Oil giant Saudi Arabia 'attempted to block' UN climate change report

Oil giant Saudi Arabia held up adoption of a report on global warming and its devastating impact on ocean's and the earth's frozen zones.
3 min read
24 September, 2019
Saudi Arabia held up the adoption of a report on climate change [Getty]

A major report detailing the dire impact of global warming on oceans and the earth's frozen zones was approved by the UN's 195-nation climate science body Tuesday, after an all-night standoff with Saudi Arabia over its wording.  

"Gavelled! The IPCC Special Report on the #Ocean and #Cryosphere is approved!", Jean-Pierre Gattuso, a French scientist and one of the report many authors, tweeted at the end of the five-day talks.

The Intergovernmental Panel for Climate Change (IPCC) said it will unveil an executive summary on Wednesday. 

Saudi Arabia, the world's biggest producer of oil, held-up the adoption of the Summary for Policy Makers - 30-odd pages, vetted line-by-line - by challenging another landmark UN assessment that highlights the need to slash carbon emissions caused by burning fossil fuels, multiple sources told AFP.

At issue is what might have been a routine reference to the October 2018 IPCC report on the feasibility of capping global warming at 1.5 degrees Celsius.

That assessment detailed the stark consequences for humanity of piercing that threshold, and the need to rapidly draw down the use of fossil fuels.

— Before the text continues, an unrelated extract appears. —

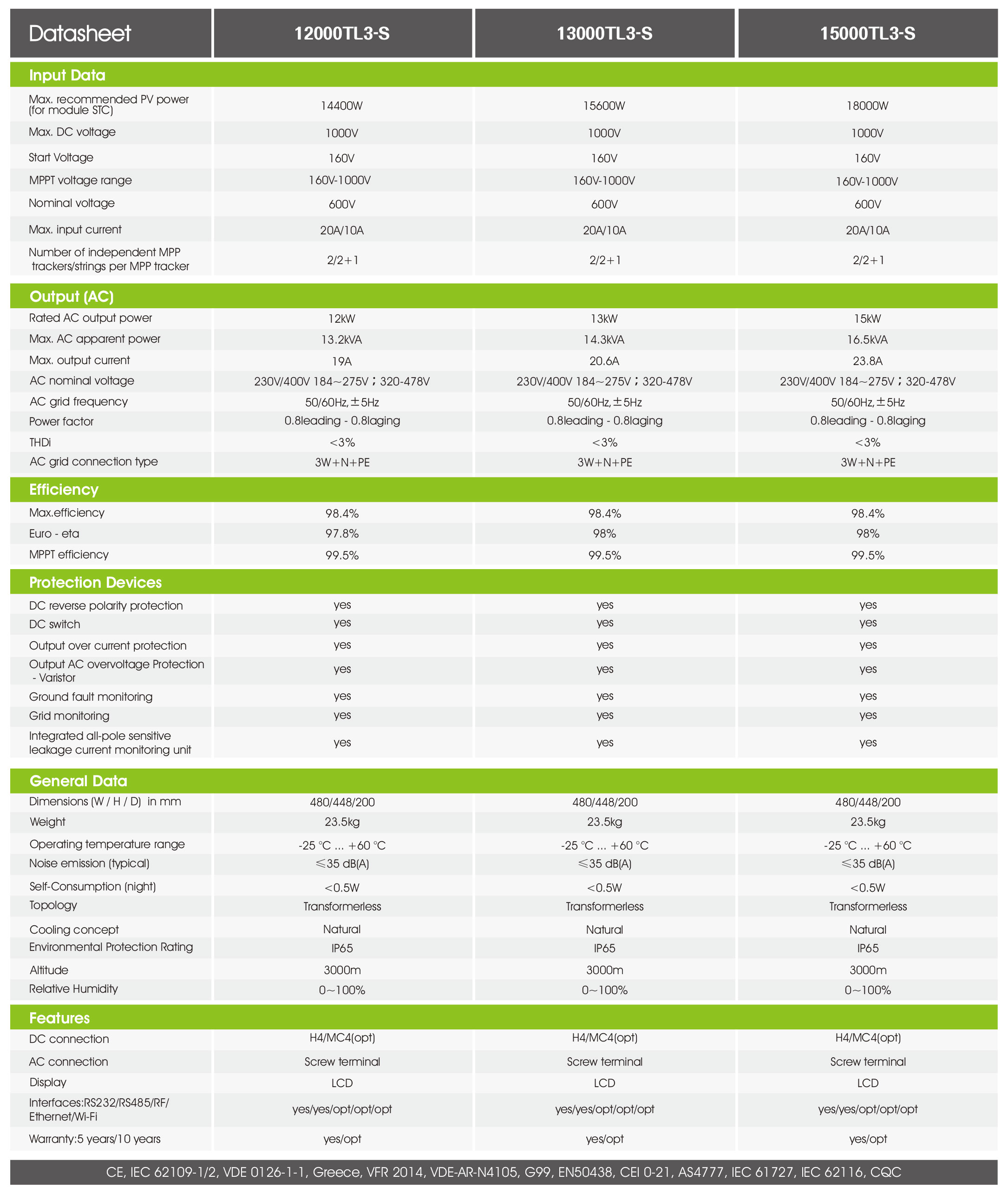 12-15KW, Three Phase, Dual MPPTs

Saudi Arabia, the world's largest oil exporter, has consistently raised similar objections to IPCC reports in the past.   

"It really seems like Saudi Arabia only came to this meeting to block any language on 1.5C," a participant in the Monaco meeting told AFP.

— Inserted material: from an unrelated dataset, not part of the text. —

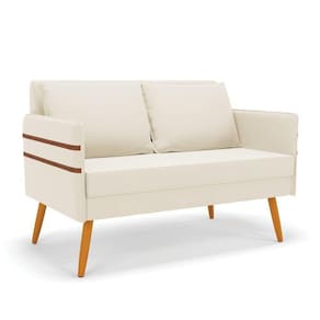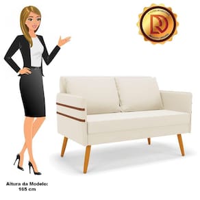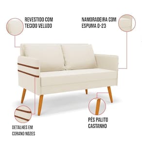 Namoradeira 02 Lugares Mari Veludo Pés Palito Castanho - D'rossi Cor Bege

Global warming and pollution caused by humanity's carbon-heavy footprint are ravaging the earth's oceans and icy regions in ways that could unleash misery on a global scale, the IPCC report is set to conclude.

Observed and projected impacts include vanishing glaciers and expanding marine heatwaves, irreversible rises in sea-levels that could eventually displace hundreds of millions of people, according to a draft seen by AFP.

Under the IPCC's consensus rules, all countries must sign-off on the language of the executive summary, which is designed to provide leaders with objective, science-based information.

The draft phrasing seen by AFP to which the Saudis objected - "This assessment reinforces findings in IPCC Special Report on 1.5 C" - was removed. 

The 2015 Paris Agreement calls for capping global warming at "well below" 2 C, and 1.5 C if possible.

In-depth: Why Turkish academic Ibrahim Ozdemir is pushing for an Islamic approach to environmentalism

Meanwhile, environment activist Greta Thunberg and 15 others filed a complaint to the UN on Monday against five countries, saying they are not doing enough to tackle climate change.

Sixteen-year-old Thunberg accuses Germany, France, Brazil, Argentina and Turkey of failing to uphold their obligations under the Convention on the Rights of the Child, signed 30-years-ago.

Thunberg is in New York as world powers meet for the UN General Assembly Meeting, due to take place on Tuesday.